Problem to work on: The records below are to be returned exactly as written, minus their pictures.

---

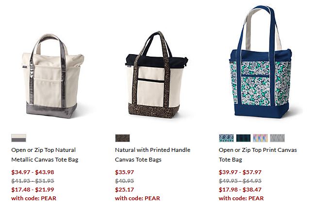 Lands’ End tote bags are my favorite! They hold up great, come in lots of sizes, and are a great deal right now. You can get them for as low as $17.48 with the code PEAR.
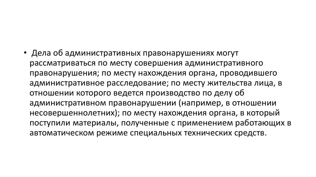 • Дела об административных правонарушениях могутрассматриваться по месту совершения административного
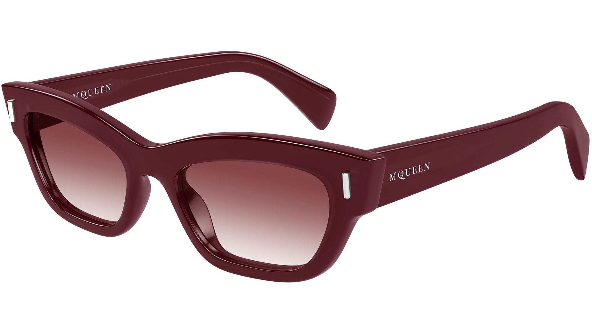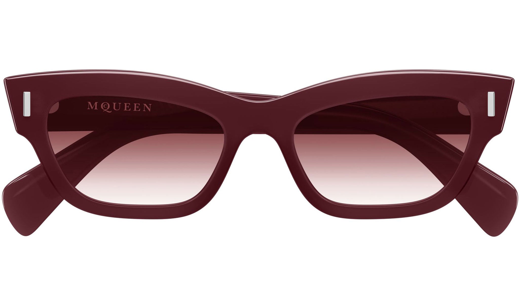 Occhiali da sole Alexander McQueen AM0548S 003 donna con montatura cat eye in acetato riciclato borgogna opalino lucido e lenti borgogna sfumato chiaro. Linea: T-Bar. Codice modello: AM0548S. Codice colore: 003. Made in Italy. Rivenditore autorizzato Alexander McQueen online. Gli occhiali vengono consegnati con custodia e accessori originali e sono coperti dalla garanzia ufficiale di 12 mesi del produttore.
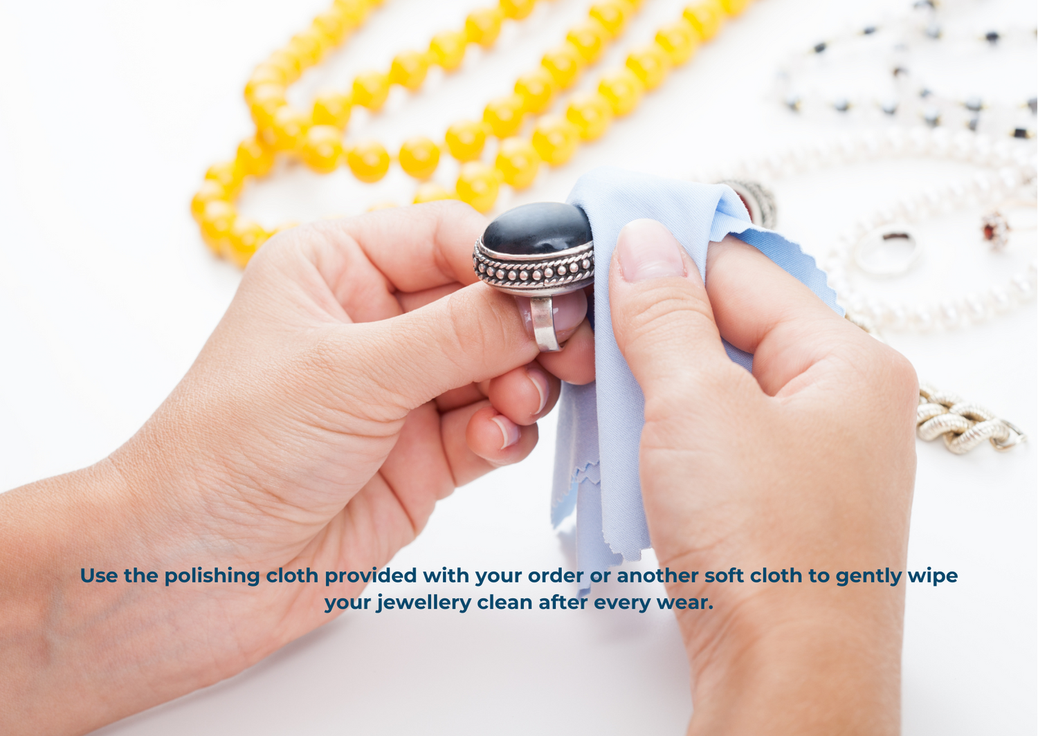 You will be provided with a small polishing cloth with your order. Use this to regularly wipe clean after use. You can also use professional silver polish and/ or a soft microfibre cloth to gently wipe clean. Be careful of some clothes that can scratch your jewellery if they are not soft enough.
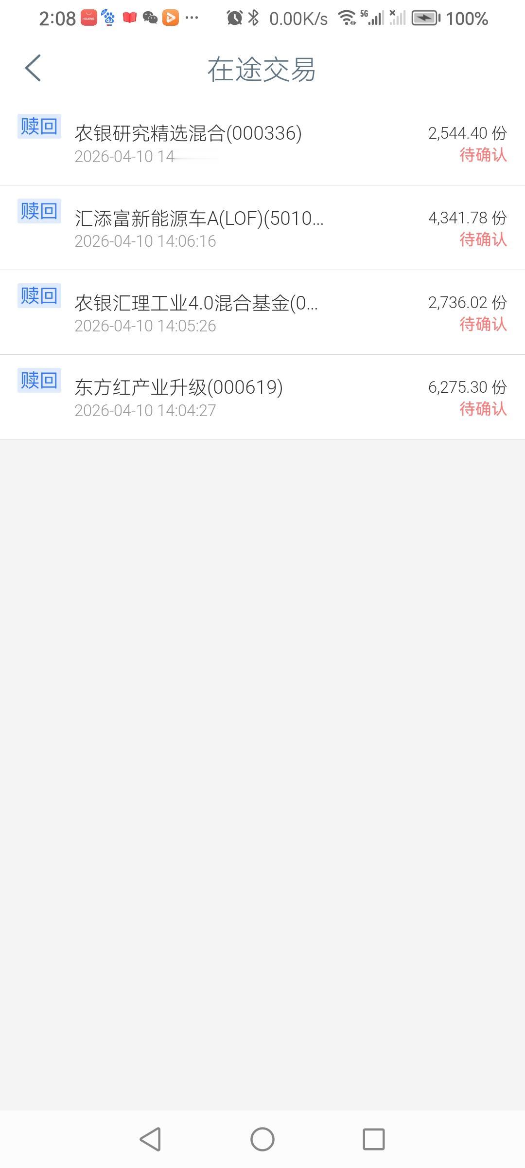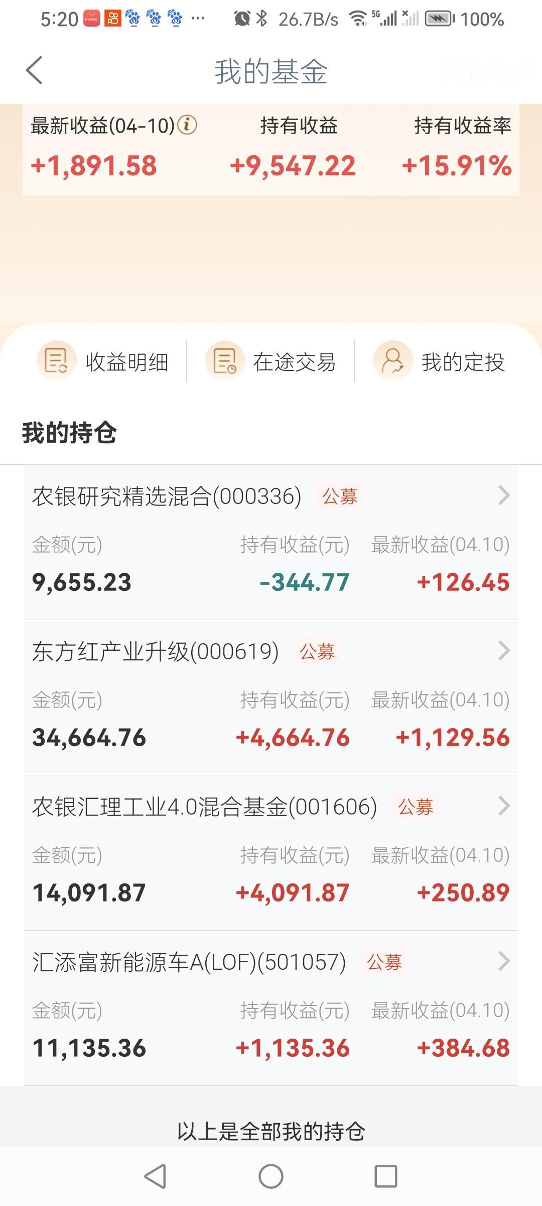 我的基金。4月10日(星期五)大盘普涨,经历过几次周五拉升与周一的大幅下调,终于把还有一只割肉也全抛了。 岂能料到4月13—17日股市行情一直向好。“股市有风险,投资需谨慎”!(图片来源:老山兰截屏)
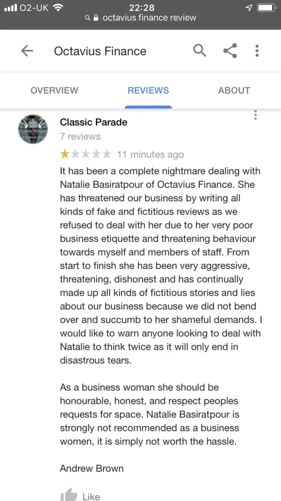 Has anyone read Natalie Basiratpours of Octavius Finance Google Reviews? She needs to be reported to the Mental Health Authorities alongside the Police- This woman is MAD!. If you don't give have a Supercar for £600 you then get your brand ruined. Honestly she is bloody mad.
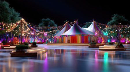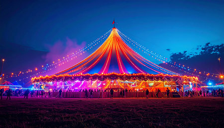This captivating image features a colorful circus tent illuminated by vibrant lights, set against a night sky, creating a magical and festive atmosphere.
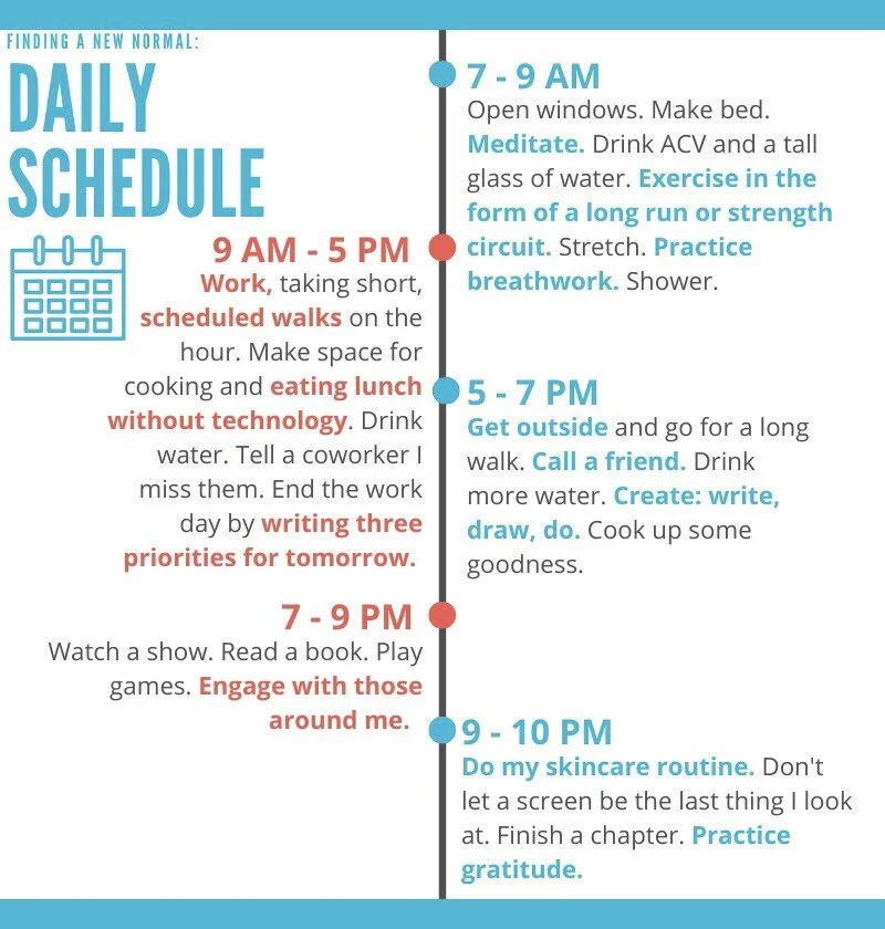 Millions like myself are fortunate to have the ability to work from home, which means adopting a new distributed work lifestyle. I knew as much about working from home as I do the inner workings of a vehicle. Thankfully, NPR's Life Kit series came to the rescue. They recommend creating a space that feels like an office. To do this, I cleared off half of our dining room table, brought in an extra lamp, and stacked up a few boxes to create a makeshift standing desk #bigdeskenergy. After creating a workable space, test your software and applications. If your Internet blows and you've got video calls on deck, try closing out of your other programs and shutting off the video portion of the call. For those with kids, try to stagger your meetings with your partner or other family members, if possible. Here's an example of a schedule that's helping my cousin and his wife navigate working from home with little ones.

---

Exercise response:
 Lands’ End tote bags are my favorite! They hold up great, come in lots of sizes, and are a great deal right now. You can get them for as low as $17.48 with the code PEAR.
 • Дела об административных правонарушениях могутрассматриваться по месту совершения административного
 Occhiali da sole Alexander McQueen AM0548S 003 donna con montatura cat eye in acetato riciclato borgogna opalino lucido e lenti borgogna sfumato chiaro. Linea: T-Bar. Codice modello: AM0548S. Codice colore: 003. Made in Italy. Rivenditore autorizzato Alexander McQueen online. Gli occhiali vengono consegnati con custodia e accessori originali e sono coperti dalla garanzia ufficiale di 12 mesi del produttore.
 You will be provided with a small polishing cloth with your order. Use this to regularly wipe clean after use. You can also use professional silver polish and/ or a soft microfibre cloth to gently wipe clean. Be careful of some clothes that can scratch your jewellery if they are not soft enough.
 我的基金。4月10日(星期五)大盘普涨,经历过几次周五拉升与周一的大幅下调,终于把还有一只割肉也全抛了。 岂能料到4月13—17日股市行情一直向好。“股市有风险,投资需谨慎”!(图片来源:老山兰截屏)
 Has anyone read Natalie Basiratpours of Octavius Finance Google Reviews? She needs to be reported to the Mental Health Authorities alongside the Police- This woman is MAD!. If you don't give have a Supercar for £600 you then get your brand ruined. Honestly she is bloody mad.
This captivating image features a colorful circus tent illuminated by vibrant lights, set against a night sky, creating a magical and festive atmosphere.
 Millions like myself are fortunate to have the ability to work from home, which means adopting a new distributed work lifestyle. I knew as much about working from home as I do the inner workings of a vehicle. Thankfully, NPR's Life Kit series came to the rescue. They recommend creating a space that feels like an office. To do this, I cleared off half of our dining room table, brought in an extra lamp, and stacked up a few boxes to create a makeshift standing desk #bigdeskenergy. After creating a workable space, test your software and applications. If your Internet blows and you've got video calls on deck, try closing out of your other programs and shutting off the video portion of the call. For those with kids, try to stagger your meetings with your partner or other family members, if possible. Here's an example of a schedule that's helping my cousin and his wife navigate working from home with little ones.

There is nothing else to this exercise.